-- DATA BELOW --
════════
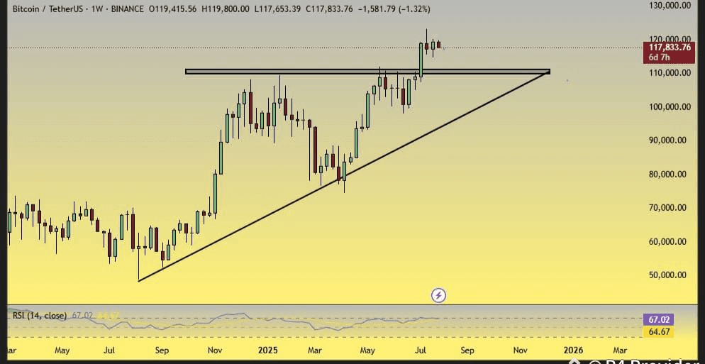 Gambaran yang lebih besar tetap bullish, tetapi candle mingguan saat ini menunjukkan tanda-tanda tekanan jual. Dukungan kunci di 110.000 tetap kritis—jika level itu pecah, koreksi yang lebih dalam bisa terjadi. Selama BTC diperdagangkan di atas garis ini, tren naik yang lebih luas tetap valid.
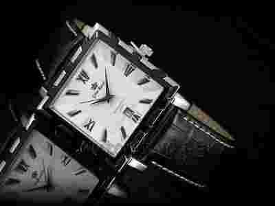 Koperta w kolorze srebrnym , tarcza biała wyposażona w datownik , cyfry czarne - dobrze czytelne, wskazówki ciemne . Pasek w kolorze czarnym , wzmacniany ozdobnymi przeszyciami na krawędziach, wykonany z skóry naturalnej . Szkło płaskie - odporne na zarysowania .
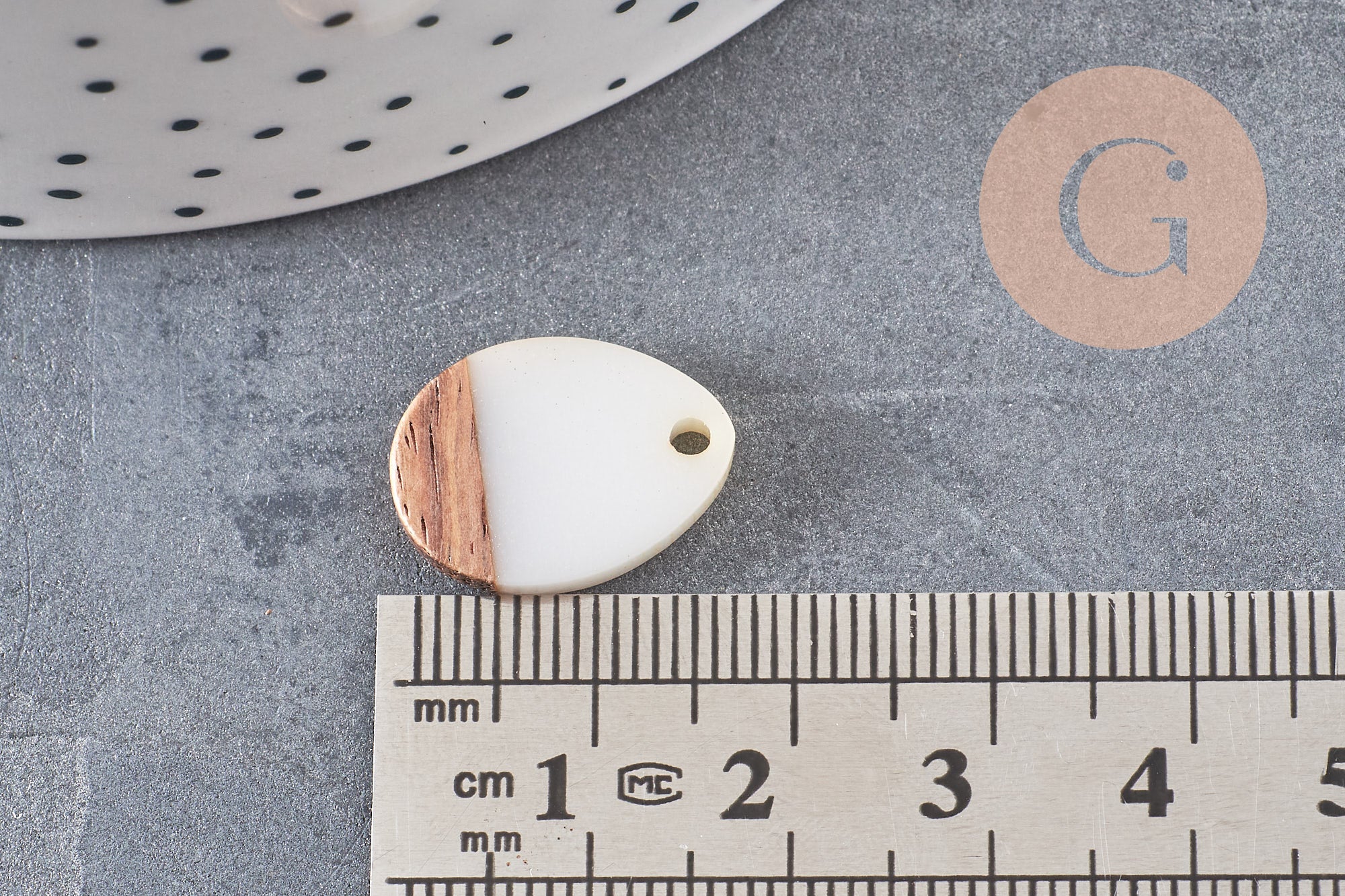 Pendentif goutte bois résine blanche 17.5mm, x5 (G1803)
════════
-- TASK TO COMPLETE --
Pictures are not part of the copy. Restate everything else in the listing word for word.

-- SOLUTION TO THIS EXERCISE --
 Gambaran yang lebih besar tetap bullish, tetapi candle mingguan saat ini menunjukkan tanda-tanda tekanan jual. Dukungan kunci di 110.000 tetap kritis—jika level itu pecah, koreksi yang lebih dalam bisa terjadi. Selama BTC diperdagangkan di atas garis ini, tren naik yang lebih luas tetap valid.
 Koperta w kolorze srebrnym , tarcza biała wyposażona w datownik , cyfry czarne - dobrze czytelne, wskazówki ciemne . Pasek w kolorze czarnym , wzmacniany ozdobnymi przeszyciami na krawędziach, wykonany z skóry naturalnej . Szkło płaskie - odporne na zarysowania .
 Pendentif goutte bois résine blanche 17.5mm, x5 (G1803)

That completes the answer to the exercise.